The lines below from the one with "Семь крупных соцветий" up to and including the one with "beklenmedik bir şekilde" are what you should set down, exactly and without pictures.

● **Material for this exercise**
Start of Block

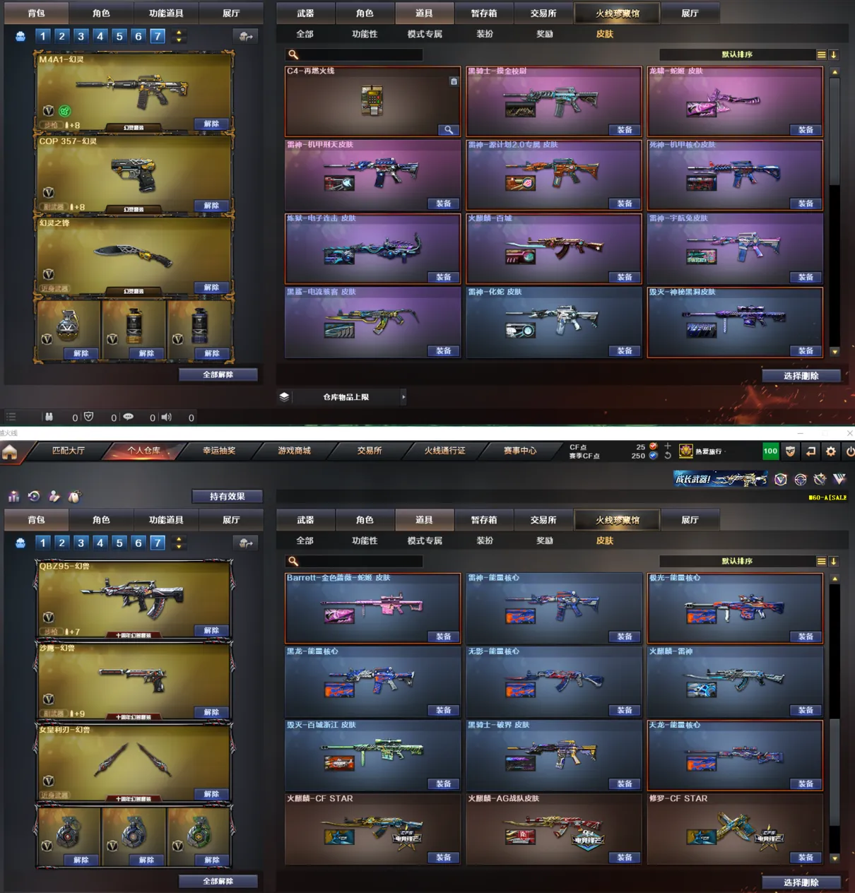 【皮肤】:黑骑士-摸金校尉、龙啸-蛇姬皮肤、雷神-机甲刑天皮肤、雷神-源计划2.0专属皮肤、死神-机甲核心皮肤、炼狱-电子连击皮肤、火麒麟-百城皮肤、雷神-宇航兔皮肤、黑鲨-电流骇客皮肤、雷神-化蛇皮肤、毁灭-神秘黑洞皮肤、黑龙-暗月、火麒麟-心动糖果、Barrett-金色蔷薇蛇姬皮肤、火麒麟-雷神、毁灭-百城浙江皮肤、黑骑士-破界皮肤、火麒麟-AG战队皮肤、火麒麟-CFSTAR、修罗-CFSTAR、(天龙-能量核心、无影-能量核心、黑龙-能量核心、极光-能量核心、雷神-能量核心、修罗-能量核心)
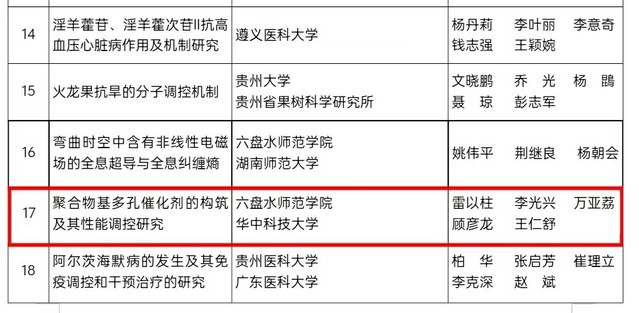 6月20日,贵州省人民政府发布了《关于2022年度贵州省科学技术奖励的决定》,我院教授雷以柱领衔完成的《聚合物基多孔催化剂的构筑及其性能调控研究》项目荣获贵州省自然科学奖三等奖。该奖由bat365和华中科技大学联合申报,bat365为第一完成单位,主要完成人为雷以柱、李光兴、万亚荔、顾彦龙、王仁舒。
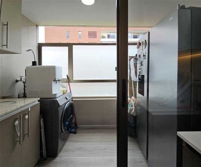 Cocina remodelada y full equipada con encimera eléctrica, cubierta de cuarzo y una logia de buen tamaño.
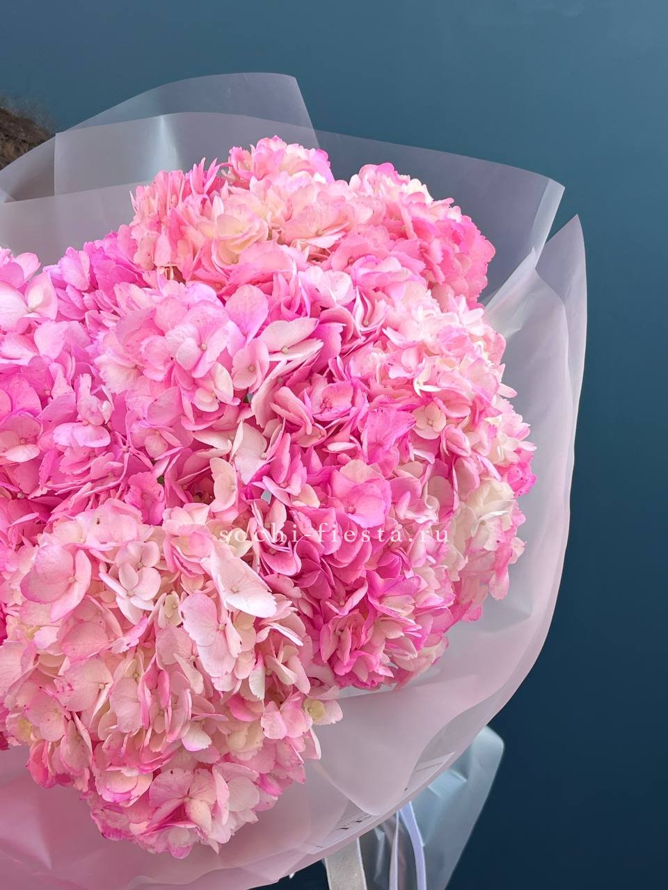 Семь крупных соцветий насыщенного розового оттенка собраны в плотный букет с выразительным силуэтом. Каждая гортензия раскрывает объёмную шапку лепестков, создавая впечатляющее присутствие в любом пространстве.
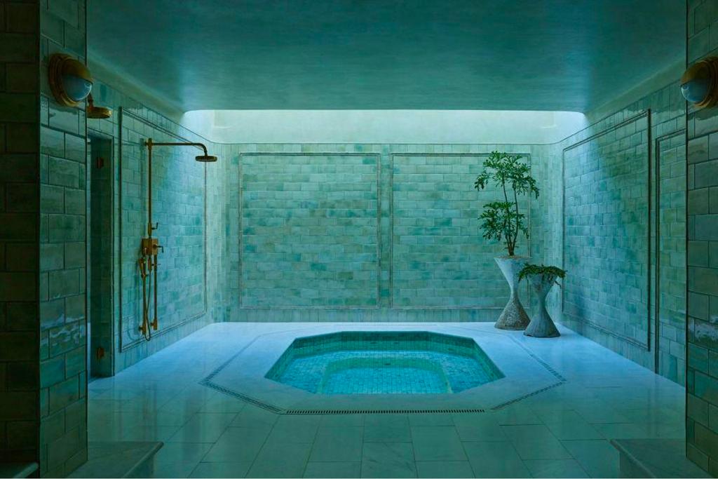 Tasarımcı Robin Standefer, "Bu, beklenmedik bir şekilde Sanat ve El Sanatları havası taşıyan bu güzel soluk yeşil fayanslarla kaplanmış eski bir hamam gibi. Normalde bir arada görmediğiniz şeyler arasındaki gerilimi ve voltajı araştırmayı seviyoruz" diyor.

End of Block
Start of Block

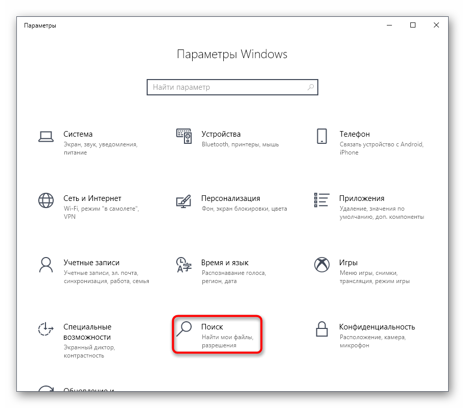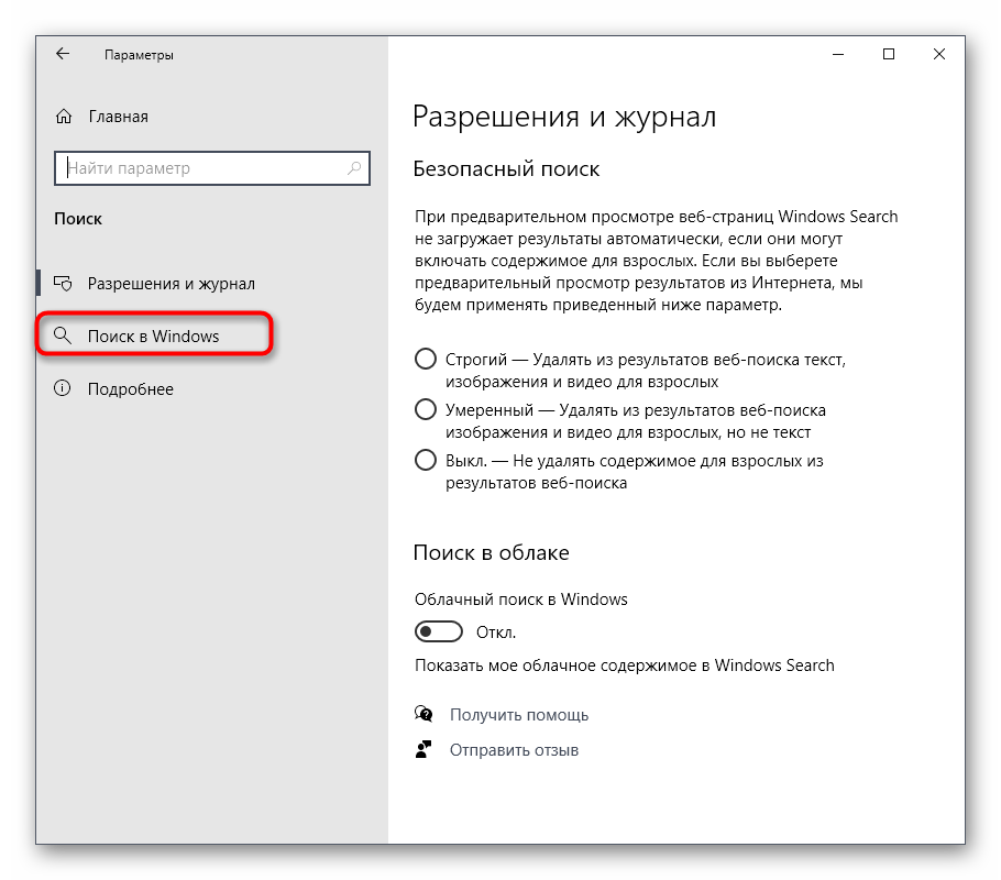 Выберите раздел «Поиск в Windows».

End of Block
Start of Block

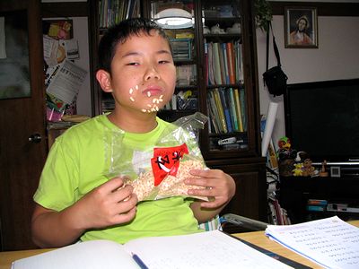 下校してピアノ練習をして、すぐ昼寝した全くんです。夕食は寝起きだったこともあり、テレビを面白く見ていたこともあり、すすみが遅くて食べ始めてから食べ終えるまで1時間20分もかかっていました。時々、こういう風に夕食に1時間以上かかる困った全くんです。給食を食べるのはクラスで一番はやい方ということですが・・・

End of Block

● **Task output**
 Семь крупных соцветий насыщенного розового оттенка собраны в плотный букет с выразительным силуэтом. Каждая гортензия раскрывает объёмную шапку лепестков, создавая впечатляющее присутствие в любом пространстве.
 Tasarımcı Robin Standefer, "Bu, beklenmedik bir şekilde Sanat ve El Sanatları havası taşıyan bu güzel soluk yeşil fayanslarla kaplanmış eski bir hamam gibi. Normalde bir arada görmediğiniz şeyler arasındaki gerilimi ve voltajı araştırmayı seviyoruz" diyor.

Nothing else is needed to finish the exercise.